_Requirement_:
Would you retype the listing below word for word, without any of its pictures?

·····

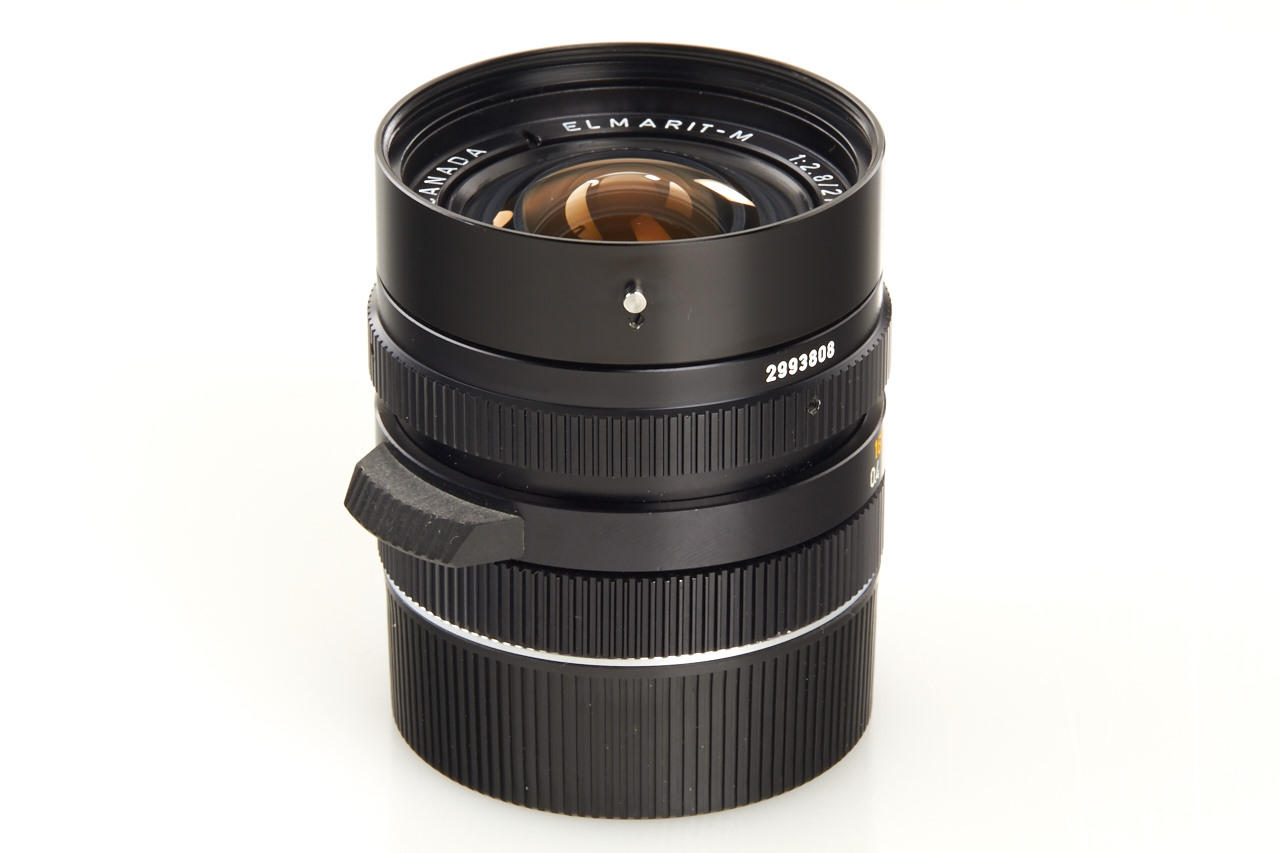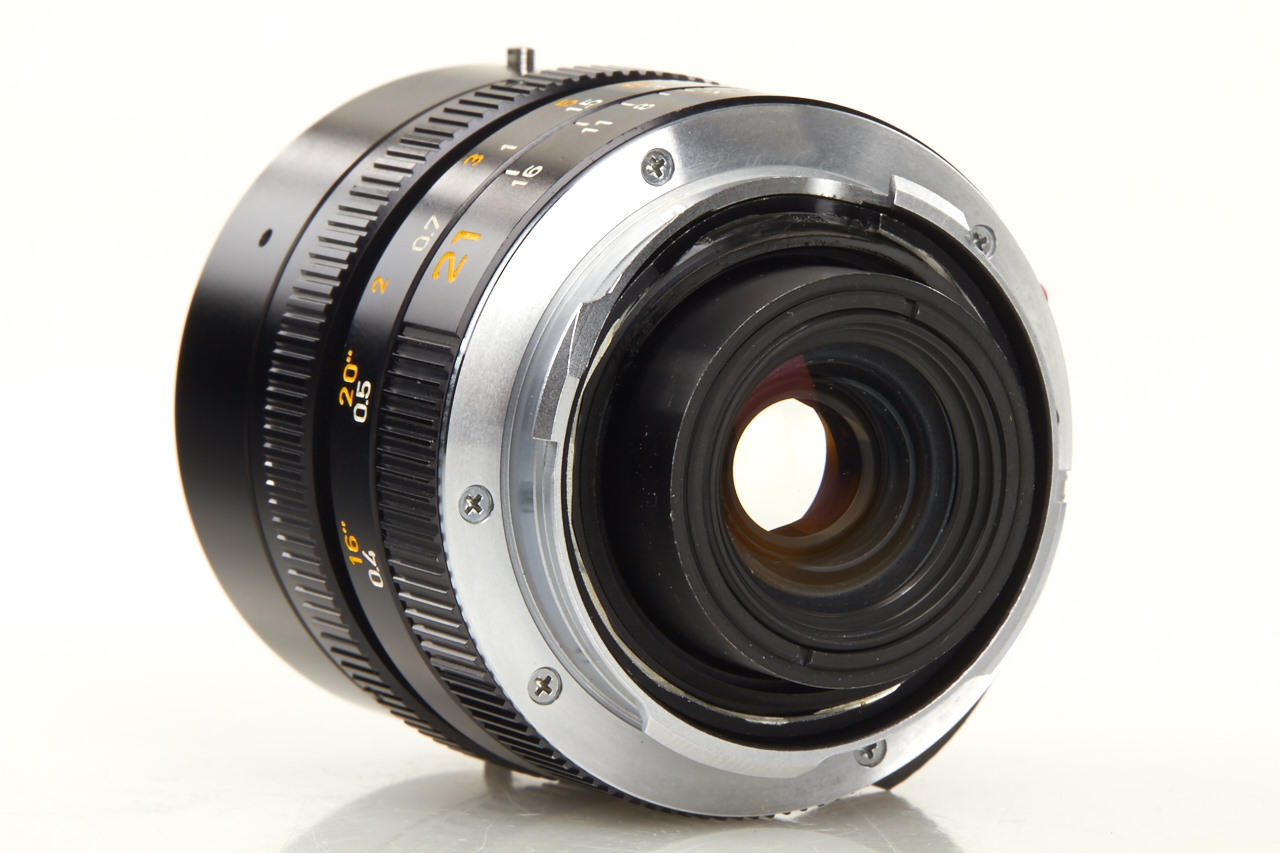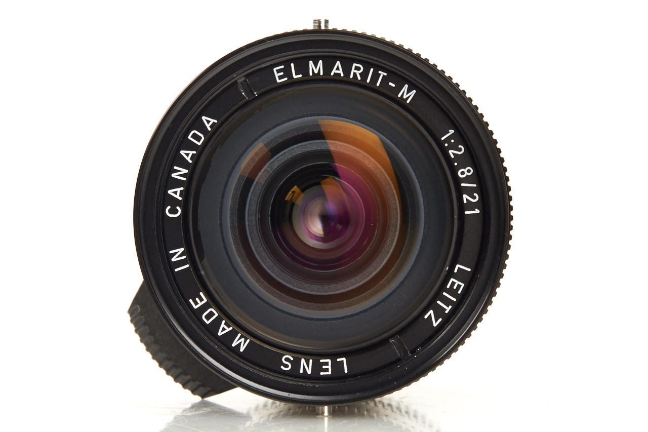 very rare first version Elmarit 21mm for filter E49, with 0.4m focusing scale, in mint condition and perfect clean lenses, with serrated focus lever, early lens hood 12537 with two cut outs, rear cap - this lens never reached the market and was used for testing and evaluation
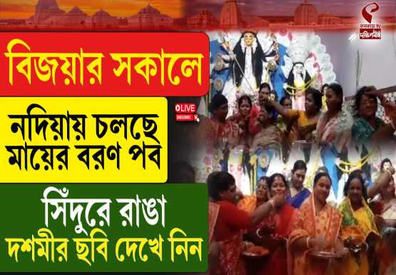 নদীয়া: নবমীর (Nabami) নিশি শেষে আজ মহাসমারোহে পালিত হল বাঙালির সর্বশ্রেষ্ঠ উৎসব দুর্গাপুজোর (Durga Puja 2025) সমাপ্তি। দশমীর মন্ত্রোচ্চারণে শুরু হল মায়ের বিদায়ের পালা (District News)।
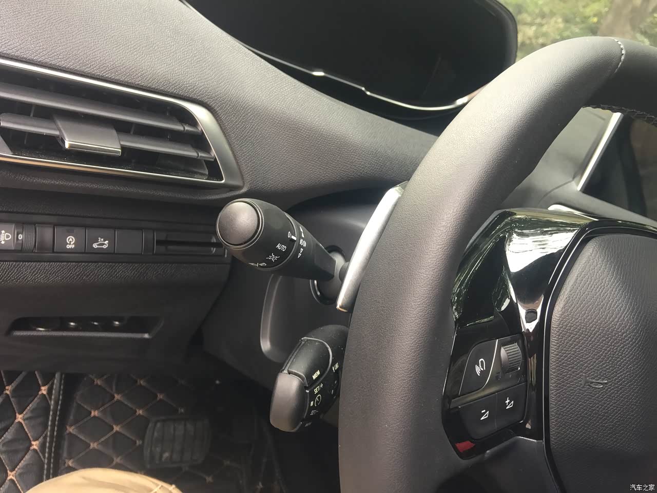 方向盘后边控制灯和定速巡航的拨杆。
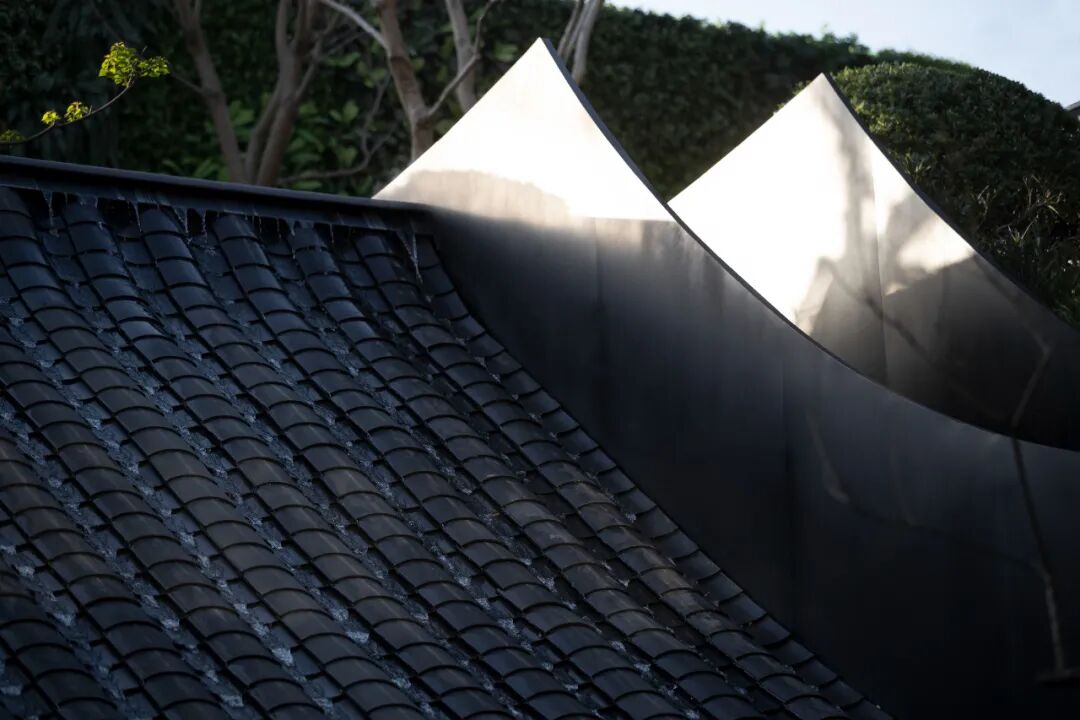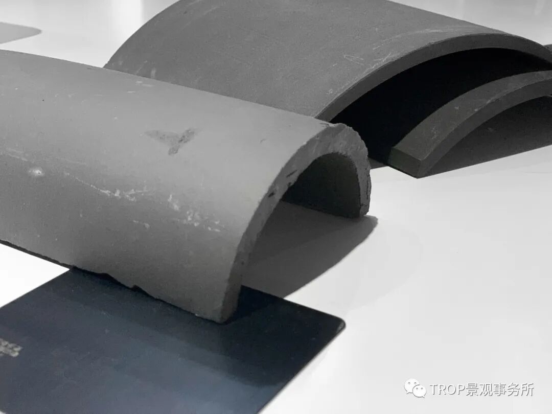 金属的视角,少量金属的加入,是为了增加肌理对比的艺术化冲突。这也是“新”与“旧”的一种隐喻,瓦片粗糙又亲近,就像江浙地区小时候生活的环境;钢板精致冷酷,规定了路径和树坑的位置,严肃有纪律,就像现代社会的信息文明。
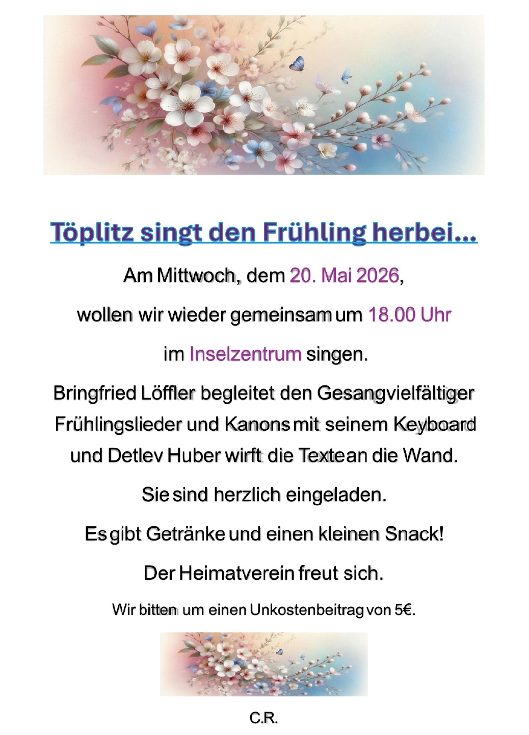 20.05.2026: Töplitz singt Volkslieder, Teil 2, Inselzentrum, 18 Uhr [mehr]
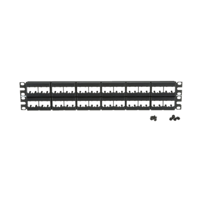 Los paneles de parcheo modulares consisten en un panel de metal con placas frontales moldeadas a presión que se pueden soltar por la parte delantera. Los paneles de conexión aceptan todos los módulos Mini-Com® para aplicaciones UTP, STP, fibra o A / V y deben montarse en Rackso o Gabinetes estándar de 19'. Los paneles de conexión estan disponibles en densidad estándar de 24 y 48 puertos y alta densidad de 72 puertos. Los paneles de conexión angulados se diseñarán en un ángulo óptimo para ayudar a enrutar el cable.
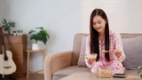 Young Asian woman enjoys a healthy granola breakfast at home promoting wellness and a longevity lifestyle comfortable morning routine for balanced diet

·····

_Problem solution_:
 very rare first version Elmarit 21mm for filter E49, with 0.4m focusing scale, in mint condition and perfect clean lenses, with serrated focus lever, early lens hood 12537 with two cut outs, rear cap - this lens never reached the market and was used for testing and evaluation
 নদীয়া: নবমীর (Nabami) নিশি শেষে আজ মহাসমারোহে পালিত হল বাঙালির সর্বশ্রেষ্ঠ উৎসব দুর্গাপুজোর (Durga Puja 2025) সমাপ্তি। দশমীর মন্ত্রোচ্চারণে শুরু হল মায়ের বিদায়ের পালা (District News)।
 方向盘后边控制灯和定速巡航的拨杆。
 金属的视角,少量金属的加入,是为了增加肌理对比的艺术化冲突。这也是“新”与“旧”的一种隐喻,瓦片粗糙又亲近,就像江浙地区小时候生活的环境;钢板精致冷酷,规定了路径和树坑的位置,严肃有纪律,就像现代社会的信息文明。
 20.05.2026: Töplitz singt Volkslieder, Teil 2, Inselzentrum, 18 Uhr [mehr]
 Los paneles de parcheo modulares consisten en un panel de metal con placas frontales moldeadas a presión que se pueden soltar por la parte delantera. Los paneles de conexión aceptan todos los módulos Mini-Com® para aplicaciones UTP, STP, fibra o A / V y deben montarse en Rackso o Gabinetes estándar de 19'. Los paneles de conexión estan disponibles en densidad estándar de 24 y 48 puertos y alta densidad de 72 puertos. Los paneles de conexión angulados se diseñarán en un ángulo óptimo para ayudar a enrutar el cable.
 Young Asian woman enjoys a healthy granola breakfast at home promoting wellness and a longevity lifestyle comfortable morning routine for balanced diet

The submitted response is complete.